1st time in almost 8 months. I've never taken sick leave since starting out at this co. Or for a matter-of-fact, never since i graduated & started work. i think so. i hope i'm not gonna break the record tml.
1st time in 8 months, feeling the highest level of stress until i started to hyperventile - almost went into a panic attack which would've threatened to make me look like a fool. Technology playing tricks on me - 3 repeated emails can't get sent to my client, 4 faxes didn't go through, and i waited for one hour before my client can approve. and i was running late. not even just "out of time"
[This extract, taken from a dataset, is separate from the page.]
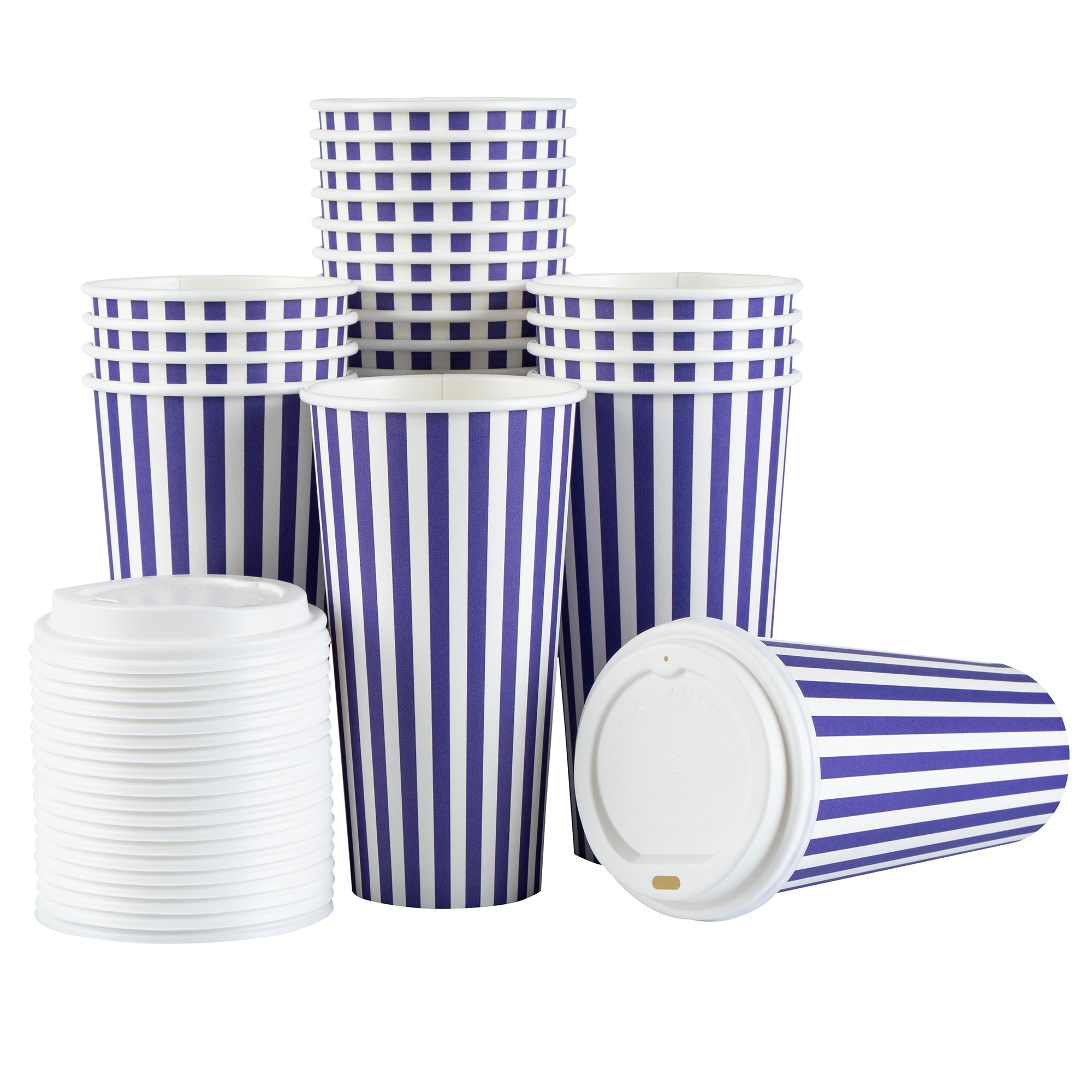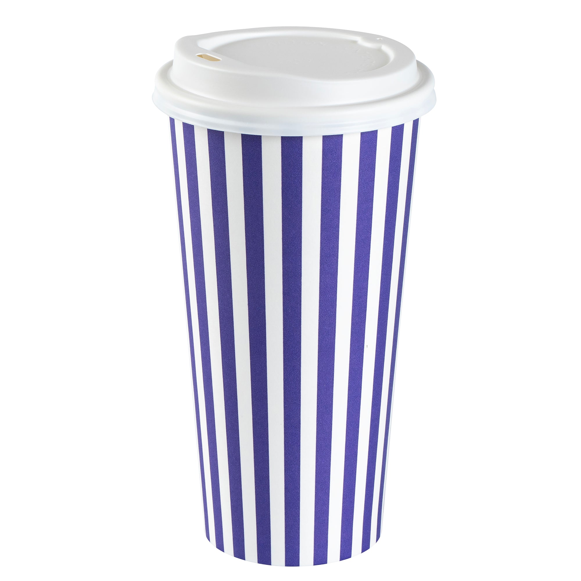 Begin your day with our Restpresso 20-ounce Purple and White Stripe Paper Single Wall Coffee Cups. Crafted with a greaseproof PE liner, these paper coffee cups reduce unwanted leaks and spills, ensuring a clean and convenient drinking experience. These disposable hot cups are expertly designed to hold hot and cold beverages, making them a versatile choice for any refreshment. Celebrate the uniqueness of these single wall coffee cups, featuring a vibrant purple and white stripe finish that adds a pop of color to your morning routine. These disposable coffee cups come with a white lid for sipping on the go. The stackable design of these recyclable hot tea cups saves valuable storage space in your establishment. Enjoy the secure and comfortable grip provided by the rolled rim of these beverage cups, enhancing your customers' drinking experience. The leak-resistant seam of these drinking cups is designed to ensure that your beverage remains inside your cup, not on your clothes. Coordinate these elegant coffee cups with our assortment of sleeves, ensuring a sophisticated and burn-free coffee session. With a generous capacity of 20 ounces, these hot cups are perfect for that large morning coffee or tea. Measuring 3.5 inches in diameter by 6.5 inches in height, these striped coffee cups the ideal size for your daily caffeine fix. Sold in a 400 count box. Sleeves are available and sold separately.

i might have broken down a few times during my stay here due to stress induced by fellow colleagues. But they weren't so serious, cos after the tears came out, i could still bitch about it, nag at it for a month, get some pacifying from my other colleagues and i'll be fine in an hr. This lasted for 3 hrs before it subsided. Yes, i counted. But no, i didn't cry at all. I took deep breaths, took a slow long walk to the bus stop and from the bus stop to the IJ Home, i walked up and down my company's stairs, I talked my to colleagues to distract myself....but I only got more agitated. I almost snapped at my supervisor. But the tension never left me.
i couldn't believe that technology, the one that i love most, ALMOST did me in at the 11th hour. but then again, i should have practised to be more calm during hiccups like dat, in order to think of alternatives to solve the issue.
Starving, for the 1st time in 8 months. i only had 2/5 of a nonya dumpling & 1/2 glass of tea in the morning, 3 small cups of milo during my 2pm-5pm long meeting, & finally 1 ham sandwich & 1 caesar salad at 5pm. It might be enough for a slim gal, but to me, i was practically starving all the way till 5pm. Now, at 12.25am, i'm starving again. with a fever. i felt cold. very cold while walking down the slope with the rain softly hitting on my tan skin. Now my nostrils are flaring hot steam.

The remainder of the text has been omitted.